Soares Cláudio Beling Gonçalves, Araújo Ivana Duval de, Pádua Bruno Jannotti, Vilela José Carlos Souza, Souza Rodrigo Henriques Reis, Teixeira Luiz Eduardo Moreira
MD, Doctorate student on Surgery at the Faculty of Medicine, UFMG, Belo Horizonte, MG, Brasil.
Ph.D., Department of Surgery, UFMG, Belo Horizonte, MG, Brasil.
Rev Assoc Med Bras (1992). 2019 Jul 22;65(6):902-908. doi: 10.1590/1806-9282.65.6.902.
To evaluate the epidemiological data and available treatments for fractures secondary to radiotherapy treatment.
Identification of publications on pathological skeletal fractures previously exposed to ionizing radiation.
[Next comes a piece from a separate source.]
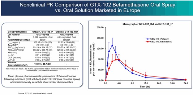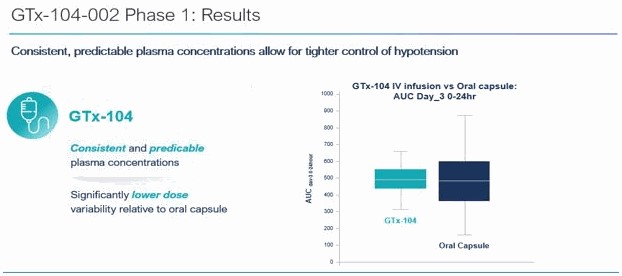 the future prospects of our GTx-104 drug candidate, including but not limited to GTx-104’s potential to be administered to improve the management of hypotension in patients with aneurysmal subarachnoid hemorrhage (“aSAH”); the ability of GTx-104 to achieve a pharmacokinetic (“PK”) and safety profile similar to the oral form of nimodipine; GTx-104’s potential to provide improved bioavailability; GTx-104’s potential to achieve pharmacoeconomic benefit over the oral form of nimodipine; and the timing and ability to receive FDA approval for marketing GTx-104;

The incidence of fractures after irradiation varies from 1.2% to 25% with a consolidation rate of 33% to 75%, being more frequent in the ribs, pelvis, and femur. The time elapsed between irradiation and fracture occurs years after radiotherapy. Risk factors include age above 50 years, female gender, extensive periosteal detachment, circumferential irradiation, tumor size, and anterior thigh location. The etiology is still uncertain, but cellular disappearance, reduction of bone turnover and activity were observed hematopoietic as possible causes of failure of consolidation.
There is no consensus in the literature on the factors related to the development of fractures, with radiation dose, previous tumor size and periosteal detachment being suggested as potential factors.
评估放射治疗后继发性骨折的流行病学数据及可用治疗方法。
识别先前暴露于电离辐射的病理性骨骼骨折的相关出版物。
照射后骨折的发生率在1.2%至25%之间,愈合率为33%至75%,肋骨、骨盆和股骨骨折更为常见。照射与骨折之间的时间间隔发生在放射治疗后的数年。危险因素包括年龄超过50岁、女性、广泛的骨膜剥离、环形照射、肿瘤大小以及大腿前部位置。病因仍不确定,但观察到细胞消失、骨转换和造血活性降低可能是愈合失败的原因。
文献中对于与骨折发生相关的因素尚无共识,辐射剂量、先前肿瘤大小和骨膜剥离被认为是潜在因素。